[MATERIAL SUPPLIED Boundary: Start]
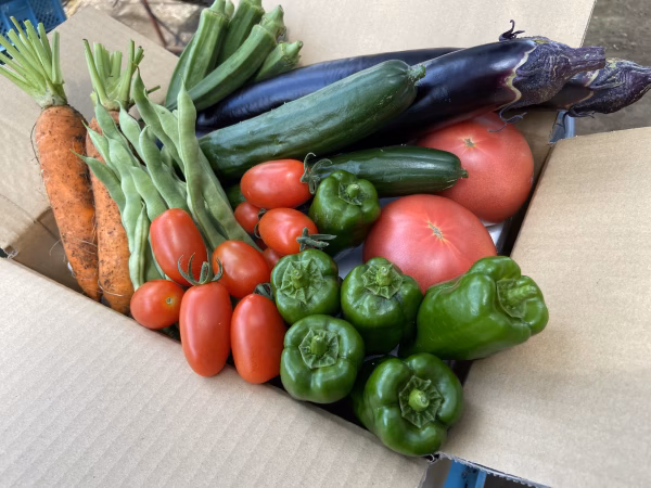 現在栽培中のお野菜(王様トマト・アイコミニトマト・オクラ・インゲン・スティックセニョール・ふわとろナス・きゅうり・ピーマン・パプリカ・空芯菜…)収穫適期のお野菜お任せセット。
[MATERIAL SUPPLIED Boundary: End]
[MATERIAL SUPPLIED Boundary: Start]
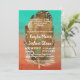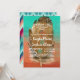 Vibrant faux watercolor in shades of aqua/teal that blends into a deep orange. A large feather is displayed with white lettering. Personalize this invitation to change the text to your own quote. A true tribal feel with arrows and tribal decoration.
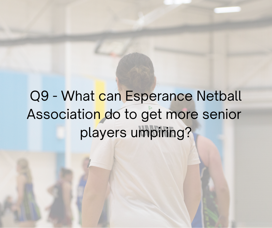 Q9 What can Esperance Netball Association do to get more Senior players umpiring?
[MATERIAL SUPPLIED Boundary: End]
[MATERIAL SUPPLIED Boundary: Start]
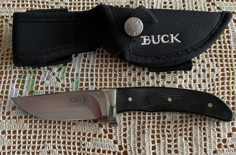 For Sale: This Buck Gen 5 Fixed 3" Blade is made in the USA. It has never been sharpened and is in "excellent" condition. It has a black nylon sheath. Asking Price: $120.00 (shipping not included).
[MATERIAL SUPPLIED Boundary: End]
:: GOAL OF THE EXERCISE ::
From the listing above, please give again the lines that begin with the line holding "Vibrant faux watercolor" and go on through the line holding "Q9 What can", exactly, both ends included, minus any picture.

:: YOUR SOLUTION ::
 Vibrant faux watercolor in shades of aqua/teal that blends into a deep orange. A large feather is displayed with white lettering. Personalize this invitation to change the text to your own quote. A true tribal feel with arrows and tribal decoration.
 Q9 What can Esperance Netball Association do to get more Senior players umpiring?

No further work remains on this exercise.